Entries below include pictures. Output exactly the lines from the one with "USBスイッチ→USBチェッ" down to the one with "Το παιχνίδι της", both ends included, and leave the pictures out.

» Listed entries:
──────────────────────────────

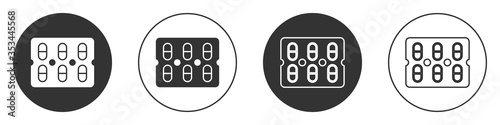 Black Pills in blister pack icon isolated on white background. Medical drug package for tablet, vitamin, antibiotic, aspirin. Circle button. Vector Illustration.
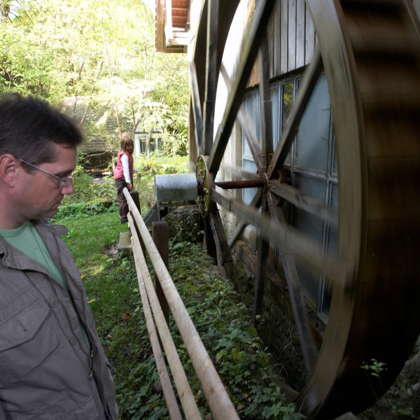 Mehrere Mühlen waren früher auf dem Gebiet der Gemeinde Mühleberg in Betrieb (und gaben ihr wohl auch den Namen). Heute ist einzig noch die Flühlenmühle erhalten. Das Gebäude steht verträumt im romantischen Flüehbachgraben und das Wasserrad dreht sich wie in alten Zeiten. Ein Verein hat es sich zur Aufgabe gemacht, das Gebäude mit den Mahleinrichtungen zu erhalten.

──────────────────────────────

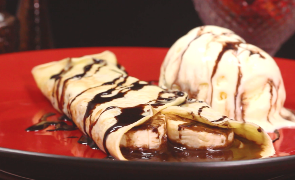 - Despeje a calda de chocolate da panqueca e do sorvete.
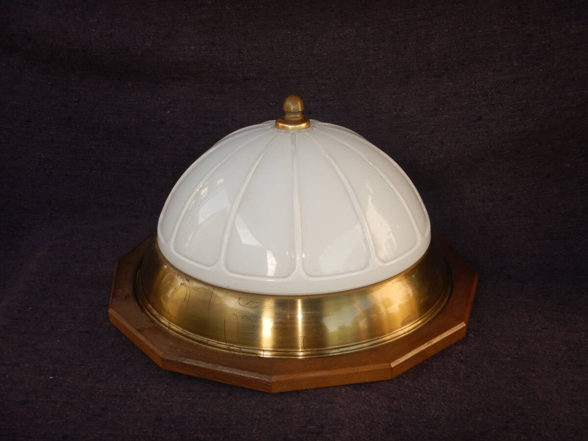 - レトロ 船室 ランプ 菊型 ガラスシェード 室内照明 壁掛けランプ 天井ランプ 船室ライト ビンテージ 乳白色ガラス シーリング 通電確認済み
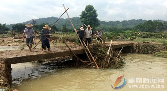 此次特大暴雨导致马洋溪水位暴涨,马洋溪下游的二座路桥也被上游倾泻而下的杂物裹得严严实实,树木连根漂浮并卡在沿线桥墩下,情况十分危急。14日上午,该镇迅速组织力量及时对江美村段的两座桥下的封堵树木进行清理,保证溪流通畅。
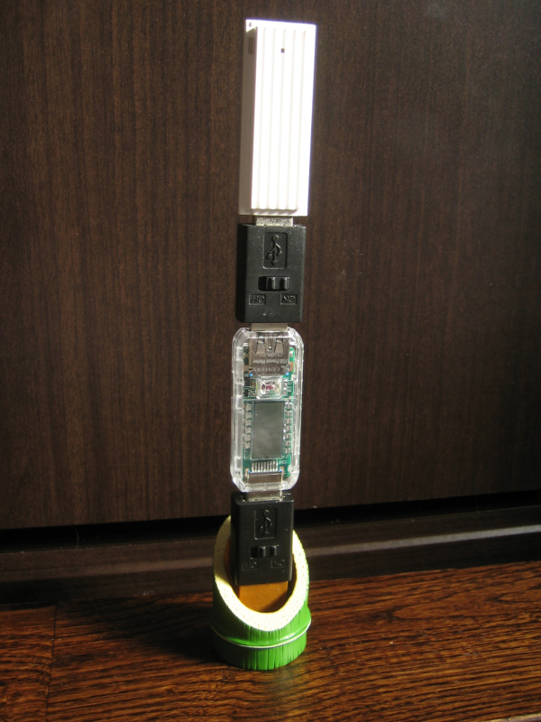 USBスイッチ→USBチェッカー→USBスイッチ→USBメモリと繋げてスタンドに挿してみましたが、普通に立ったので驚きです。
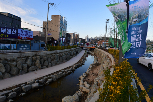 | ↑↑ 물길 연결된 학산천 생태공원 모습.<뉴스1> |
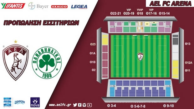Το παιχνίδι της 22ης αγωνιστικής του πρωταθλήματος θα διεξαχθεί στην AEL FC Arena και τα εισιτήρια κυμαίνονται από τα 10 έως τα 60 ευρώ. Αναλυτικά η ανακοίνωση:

──────────────────────────────

» Your solution:
 USBスイッチ→USBチェッカー→USBスイッチ→USBメモリと繋げてスタンドに挿してみましたが、普通に立ったので驚きです。
 | ↑↑ 물길 연결된 학산천 생태공원 모습.<뉴스1> |
Το παιχνίδι της 22ης αγωνιστικής του πρωταθλήματος θα διεξαχθεί στην AEL FC Arena και τα εισιτήρια κυμαίνονται από τα 10 έως τα 60 ευρώ. Αναλυτικά η ανακοίνωση:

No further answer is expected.